Tuesday, December 27, 2011

Drive with FAST search for SharePoint 2010 installation is running out of space

On one of the projects I was seeing recurring behavior where “D:\FAST Search\data\ftStorage\sequences” folder quickly fills up with files like storage_6a.data , storage_cd.meta thus causing the drive to run out of space. That location is used to store index (“fixml”) information used for fault tolerance (ft) in a backup indexing row. We have deleted these files at some point since there was an environment health issue as well, hoping that fixing the environment issue was to blame for causing this folder to fill up, but it came back again and quickly filled up the drive. In searching for the cause of the problem here is what was found.

1. It’s likely this is happening if one or more servers are configured as a “secondary” indexing row.  See this example from a FS4SP deployment.xml file:

<searchcluster>

                <row id="0" index="primary" search="true" />

                <row id="1" index="secondary" search="true" />

</searchcluster>

The options are to disable the secondary/backup indexer(s), or add more disk space to the backup row.
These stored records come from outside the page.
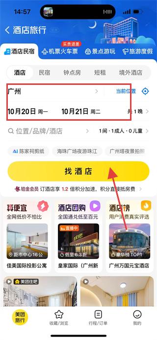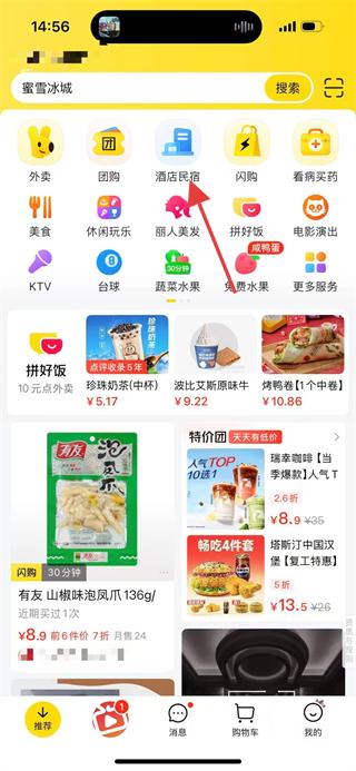 1、進(jìn)入美團(tuán),在首頁點(diǎn)擊酒店民宿,進(jìn)入酒店旅行頁面。
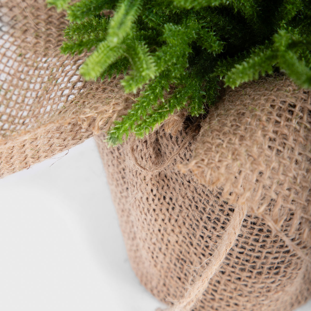 The tree is made of durable plastic, which provides resistance to damage. The base is decorated with jute material, tied with a string.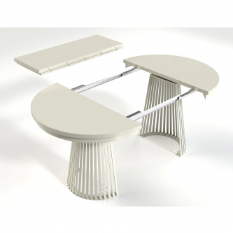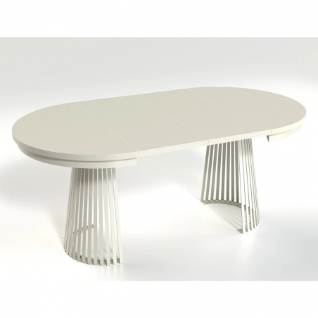 Podstawa stołu wykonana jest z metalu – stabilna i nowoczesna w formie, przyciąga wzrok i dodaje wnętrzu charakteru. Jej rzeźbiarska konstrukcja przypomina wachlarz lub rozłożystą formę geometryczną, co nadaje stołowi lekkości mimo jego solidnej budowy.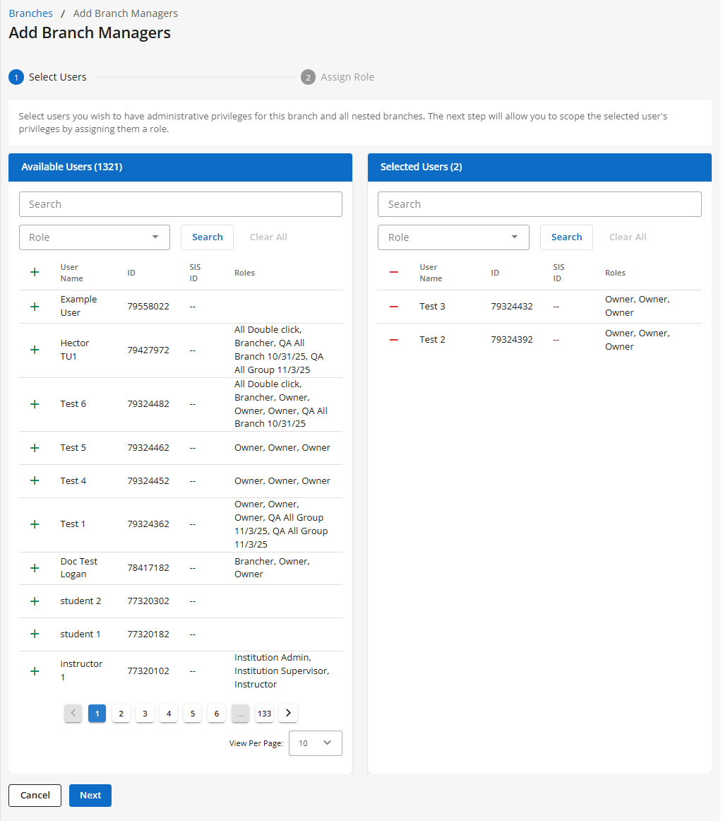 - Move any users you want to be branch managers from the Available Users table to the Selected Users table by selecting the + icon next to their name(s), then select the Next button.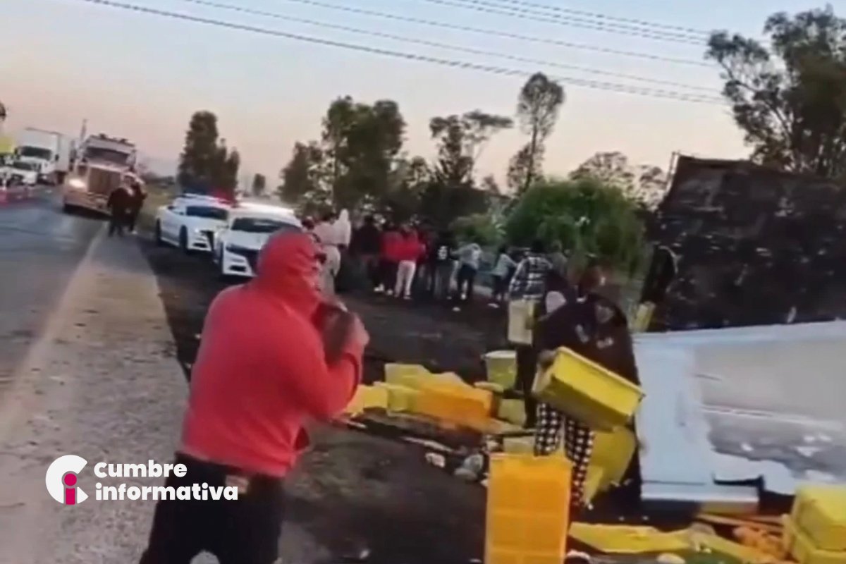 La volcadura de un tráiler cargado con pollos generó actos de rapiña y afectaciones viales sobre la carretera Toluca-Atlacomulco, a la altura del kilómetro 53, en la comunidad de El Ruso, en Santa María Endare, municipio de Jocotitlán.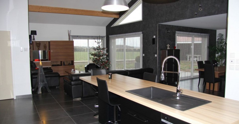 Le résultat a permis de disposer d’un beau coin séjour salon cuisine totalement ouvert, favorisant ainsi la convivialité !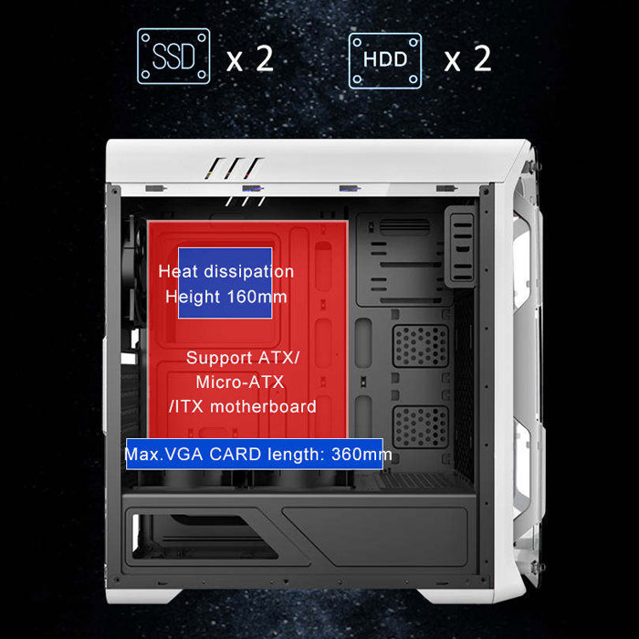 پشتیبانی از 8 فن قابل نصب که از حرارت داخلی کیس جلوگیری کنند.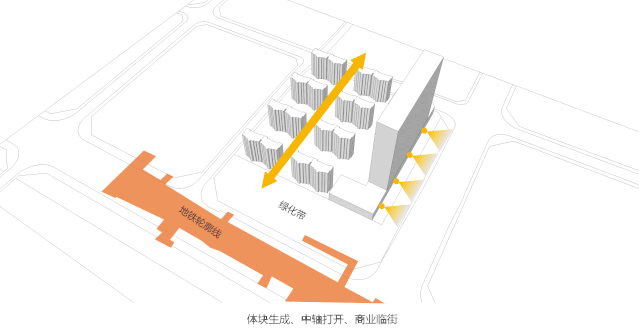 結(jié)合兒童游樂,藝術(shù)娛樂,健身體驗等三大功能,通過綠色景觀軸的延伸,打造具有高效步行空間、完善的配套公共服務(wù)設(shè)施等一系列優(yōu)勢的鄰里生活街區(qū),極大地提升區(qū)域內(nèi)的居住活力氛圍,形成居住,商業(yè),配套與游樂的無縫對接。

If the data was deleted in this folder, it’s likely the backup index data is out of sync, and will need to be resynchronized with this procedure:

“Synchronize the primary and the backup indexer servers (FAST Search Server 2010 for SharePoint)” - http://technet.microsoft.com/en-us/library/gg482028.aspx

2. In our case the box that had this issue was not configured as a secondary row, but was a primary row.

The deployment.xml has not used row 0 as the primary row (which is required, ref http://technet.microsoft.com/en-us/library/ff354931.aspx#element_searchcluster)

This caused the ftstorage files to neither be placed on the intended server, nor rotated and thus eating up the disk space.

Here is an example of the deployment

<host name="FAST01 ">

<admin/>

<crawler role="single"/>

<webanalyzer lookup-db="true" link-processing="true" max-targets="2" server="true"/> <document-processor processes="4"/> <content-distributor id="0"/> <indexing-dispatcher/>

<query/> <searchengine column="0" row="0"/> </host>

<host name="FAST02 ">

<document-processor processes="4"/>

<content-distributor id="1"/> <indexing-dispatcher/>

<query/>

<searchengine column="0" row="1"/>

</host>

<searchcluster>

<row id="1" search="true" index="primary"/> <row id="0" search="true" index="secondary"/>

</searchcluster>

Once the IDs were reconfigured and then I ran Set-FASTSearchConfiguration on the admin box as well as the non-admin. The issue went away Smile

Enjoy

Friday, December 23, 2011

NOINDEX Handling by FAST and SharePoint Search

Just recently I had to go through troubleshooting of content being indexed by FAST and/or SharePoint Search and wanted to share experience and some collected wisdom.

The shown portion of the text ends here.